5. A plating barrel according to claim 4, wherein the at least one attachment covers a horizontal portion of the cathode-lead connection so that the horizontal portion is not exposed inside the barrel.

6. A plating barrel according to claim 4, wherein the at least one cathode-lead connection includes two cathode-lead connections, each of the cathode-lead connections extending through opposing end surfaces of the barrel substantially along the rotational axis of the barrel and being rotatable relative to the barrel, a cathode is connected to the end of each of the cathode-lead connections, and an attachment is attached to each of the cathode-lead connections.

7. A plating barrel, according to claim 4, wherein the at least one attachment is conical in shape.
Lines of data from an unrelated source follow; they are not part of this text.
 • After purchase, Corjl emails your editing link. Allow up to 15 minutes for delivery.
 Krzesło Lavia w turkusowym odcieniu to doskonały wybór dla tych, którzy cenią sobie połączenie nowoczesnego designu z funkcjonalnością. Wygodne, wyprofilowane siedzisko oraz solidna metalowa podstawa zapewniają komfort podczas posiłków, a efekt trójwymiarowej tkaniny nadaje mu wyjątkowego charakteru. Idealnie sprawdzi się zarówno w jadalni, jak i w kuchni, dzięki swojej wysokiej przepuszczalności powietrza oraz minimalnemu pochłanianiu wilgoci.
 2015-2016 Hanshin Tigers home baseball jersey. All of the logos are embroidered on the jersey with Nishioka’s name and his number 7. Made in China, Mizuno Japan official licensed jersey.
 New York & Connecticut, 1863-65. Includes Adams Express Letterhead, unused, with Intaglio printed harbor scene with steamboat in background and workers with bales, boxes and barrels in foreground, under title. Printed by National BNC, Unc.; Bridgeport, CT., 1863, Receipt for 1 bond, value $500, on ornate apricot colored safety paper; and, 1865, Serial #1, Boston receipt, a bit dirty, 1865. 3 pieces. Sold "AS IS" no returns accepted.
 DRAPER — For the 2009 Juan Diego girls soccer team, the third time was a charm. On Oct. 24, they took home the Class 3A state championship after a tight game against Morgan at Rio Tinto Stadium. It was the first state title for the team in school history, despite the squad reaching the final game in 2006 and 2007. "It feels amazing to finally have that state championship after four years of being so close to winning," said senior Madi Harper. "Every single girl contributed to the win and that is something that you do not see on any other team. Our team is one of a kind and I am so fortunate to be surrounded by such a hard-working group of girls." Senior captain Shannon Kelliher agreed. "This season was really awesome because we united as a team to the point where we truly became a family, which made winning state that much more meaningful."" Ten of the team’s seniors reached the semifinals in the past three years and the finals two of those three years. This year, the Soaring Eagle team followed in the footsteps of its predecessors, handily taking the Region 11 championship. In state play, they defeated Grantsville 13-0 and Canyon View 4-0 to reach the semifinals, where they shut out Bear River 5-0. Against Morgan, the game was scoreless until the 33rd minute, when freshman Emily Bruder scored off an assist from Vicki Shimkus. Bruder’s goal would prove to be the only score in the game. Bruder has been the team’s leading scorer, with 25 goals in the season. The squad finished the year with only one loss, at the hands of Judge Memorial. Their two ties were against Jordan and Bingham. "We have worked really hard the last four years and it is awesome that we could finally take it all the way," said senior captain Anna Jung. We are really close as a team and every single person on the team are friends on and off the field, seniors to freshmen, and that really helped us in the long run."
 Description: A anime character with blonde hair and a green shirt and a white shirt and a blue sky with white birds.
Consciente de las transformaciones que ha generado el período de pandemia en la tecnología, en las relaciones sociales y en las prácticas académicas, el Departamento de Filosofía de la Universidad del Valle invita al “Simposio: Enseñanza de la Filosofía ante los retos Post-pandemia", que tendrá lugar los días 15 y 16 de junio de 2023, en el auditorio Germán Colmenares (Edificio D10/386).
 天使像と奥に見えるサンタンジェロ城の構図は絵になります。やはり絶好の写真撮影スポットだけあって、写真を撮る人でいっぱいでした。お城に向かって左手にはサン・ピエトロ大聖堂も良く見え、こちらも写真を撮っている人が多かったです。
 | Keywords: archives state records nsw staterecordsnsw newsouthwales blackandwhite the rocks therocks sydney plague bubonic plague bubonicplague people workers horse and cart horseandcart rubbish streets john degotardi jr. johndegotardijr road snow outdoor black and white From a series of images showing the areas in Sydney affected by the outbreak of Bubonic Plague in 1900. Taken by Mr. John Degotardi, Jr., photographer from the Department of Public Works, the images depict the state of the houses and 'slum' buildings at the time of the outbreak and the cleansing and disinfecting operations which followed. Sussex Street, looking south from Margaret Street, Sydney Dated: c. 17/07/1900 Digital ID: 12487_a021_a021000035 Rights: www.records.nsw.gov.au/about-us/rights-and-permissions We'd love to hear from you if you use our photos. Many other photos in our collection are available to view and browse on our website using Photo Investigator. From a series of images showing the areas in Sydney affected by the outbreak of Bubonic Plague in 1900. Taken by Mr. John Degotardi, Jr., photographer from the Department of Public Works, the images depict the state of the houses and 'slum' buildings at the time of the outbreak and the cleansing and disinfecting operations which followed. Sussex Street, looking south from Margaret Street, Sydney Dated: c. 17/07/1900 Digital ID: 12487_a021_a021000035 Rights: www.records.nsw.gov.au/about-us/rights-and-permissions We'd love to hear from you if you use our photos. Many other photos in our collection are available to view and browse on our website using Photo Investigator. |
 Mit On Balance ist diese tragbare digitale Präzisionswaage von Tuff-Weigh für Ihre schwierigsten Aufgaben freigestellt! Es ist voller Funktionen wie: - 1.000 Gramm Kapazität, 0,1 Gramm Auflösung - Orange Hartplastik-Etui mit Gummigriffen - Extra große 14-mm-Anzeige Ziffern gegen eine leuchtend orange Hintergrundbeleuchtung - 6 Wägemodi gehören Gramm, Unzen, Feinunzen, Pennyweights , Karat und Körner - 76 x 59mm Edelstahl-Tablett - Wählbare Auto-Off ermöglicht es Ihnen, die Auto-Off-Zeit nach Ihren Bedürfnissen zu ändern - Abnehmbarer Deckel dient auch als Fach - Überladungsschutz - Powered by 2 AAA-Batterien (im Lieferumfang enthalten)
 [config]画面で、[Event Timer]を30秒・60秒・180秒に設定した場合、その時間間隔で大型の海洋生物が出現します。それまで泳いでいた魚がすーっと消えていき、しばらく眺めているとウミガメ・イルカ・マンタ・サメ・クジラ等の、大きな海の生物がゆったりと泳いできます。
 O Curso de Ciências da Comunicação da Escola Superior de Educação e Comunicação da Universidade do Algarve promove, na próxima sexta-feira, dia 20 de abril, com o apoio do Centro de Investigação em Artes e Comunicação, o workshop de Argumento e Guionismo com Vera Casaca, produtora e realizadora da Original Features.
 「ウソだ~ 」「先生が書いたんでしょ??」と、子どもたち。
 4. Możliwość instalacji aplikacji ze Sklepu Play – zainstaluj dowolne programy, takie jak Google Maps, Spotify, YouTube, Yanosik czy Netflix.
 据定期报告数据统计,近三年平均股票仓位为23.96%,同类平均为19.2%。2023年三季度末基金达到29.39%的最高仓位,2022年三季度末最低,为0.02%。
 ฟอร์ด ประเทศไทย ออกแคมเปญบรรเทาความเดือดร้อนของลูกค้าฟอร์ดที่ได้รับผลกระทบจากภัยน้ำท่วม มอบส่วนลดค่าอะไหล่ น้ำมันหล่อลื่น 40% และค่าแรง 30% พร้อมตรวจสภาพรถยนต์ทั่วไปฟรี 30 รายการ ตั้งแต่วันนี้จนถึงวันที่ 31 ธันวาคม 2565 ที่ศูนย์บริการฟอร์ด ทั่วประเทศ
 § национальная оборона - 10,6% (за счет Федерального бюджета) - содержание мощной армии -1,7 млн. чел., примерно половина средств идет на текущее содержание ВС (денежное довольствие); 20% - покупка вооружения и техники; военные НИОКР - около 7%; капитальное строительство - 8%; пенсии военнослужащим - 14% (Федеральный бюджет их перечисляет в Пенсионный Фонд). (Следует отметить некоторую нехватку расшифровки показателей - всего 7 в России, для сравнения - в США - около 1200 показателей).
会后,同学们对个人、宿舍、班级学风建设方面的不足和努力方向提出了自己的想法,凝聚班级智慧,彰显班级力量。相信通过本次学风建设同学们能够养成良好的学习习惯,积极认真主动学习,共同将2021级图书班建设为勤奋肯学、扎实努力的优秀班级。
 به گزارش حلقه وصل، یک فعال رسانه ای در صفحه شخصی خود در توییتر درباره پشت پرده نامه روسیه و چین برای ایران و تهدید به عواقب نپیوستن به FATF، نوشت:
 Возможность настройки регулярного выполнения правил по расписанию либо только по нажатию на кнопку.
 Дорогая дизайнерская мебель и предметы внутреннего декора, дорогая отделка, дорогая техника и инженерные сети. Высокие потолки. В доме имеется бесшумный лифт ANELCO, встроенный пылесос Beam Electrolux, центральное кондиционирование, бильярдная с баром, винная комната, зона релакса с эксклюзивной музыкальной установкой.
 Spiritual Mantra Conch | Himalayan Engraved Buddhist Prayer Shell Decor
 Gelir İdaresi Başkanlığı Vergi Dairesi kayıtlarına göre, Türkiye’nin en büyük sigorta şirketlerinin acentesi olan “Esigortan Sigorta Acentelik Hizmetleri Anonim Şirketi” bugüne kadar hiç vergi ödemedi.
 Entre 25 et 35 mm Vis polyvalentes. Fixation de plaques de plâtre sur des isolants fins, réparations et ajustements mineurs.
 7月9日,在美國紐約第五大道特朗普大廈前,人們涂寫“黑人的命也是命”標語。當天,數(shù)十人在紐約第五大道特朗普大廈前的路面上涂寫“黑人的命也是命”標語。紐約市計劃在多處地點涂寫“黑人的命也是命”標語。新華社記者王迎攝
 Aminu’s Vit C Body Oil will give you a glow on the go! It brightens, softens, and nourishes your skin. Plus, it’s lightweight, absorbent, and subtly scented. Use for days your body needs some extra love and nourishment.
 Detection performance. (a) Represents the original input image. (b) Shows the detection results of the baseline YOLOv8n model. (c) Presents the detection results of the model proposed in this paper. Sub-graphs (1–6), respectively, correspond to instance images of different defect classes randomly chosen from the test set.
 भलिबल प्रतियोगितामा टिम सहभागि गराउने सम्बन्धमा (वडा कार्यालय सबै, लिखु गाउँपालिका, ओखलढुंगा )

8. A plating barrel according to claim 4, wherein the at least one attachment is pyramidal in shape.

9. A plating barrel according to claim 4, wherein the barrel is shaped as a hexagonal column.

10. A plating barrel comprising:a barrel that is rotatable about a rotational axis, has an approximately cylindrical shape, and includes an interior adapted to receive objects; at least one cathode-lead connection, the at least one cathode-lead connection extending through an end surface of the barrel generally along the rotational axis of the barrel and being rotatable relative to the barrel; at least one cathode placed inside the barrel and connected to the end of the at least one cathode-lead connection; and at least one attachment attached to the barrel, the at least one attachment having a central axis extending substantially along the rotational axis of the barrel between a vertex portion of the attachment and a base portion of the attachment, the base portion being larger than the vertex portion, the vertex portion pointing toward a center of the barrel, and the base portion being placed sufficiently close to an inside end surface of the barrel so that the objects do not pass through any gaps between the base portion and the inside end surface of the barrel, wherein a major part of the cathode-lead connection is placed below the rotational axis of the barrel.

11. A plating barrel according to claim 10, wherein the at least one attachment covers a horizontal portion of the cathode-lead connection so that the horizontal portion is not exposed inside the barrel.

12. A plating barrel according to claim 10, wherein the at least one cathode-lead connection includes two cathode-lead connections, each of the cathode-lead connections extending through opposing end surfaces of the barrel substantially along the rotational axis of the barrel and being rotatable relative to the barrel, a cathode is connected to the end of each of the cathode-lead connections, and an attachment is attached to each of the cathode-lead connections.

13. A plating barrel according to claim 10, wherein the at least one attachment is conical in shape.

14. A plating barrel according to claim 10, wherein the at least one attachment is pyramidal in shape.

15. A plating barrel according to claim 10, wherein the barrel is shaped as a hexagonal column.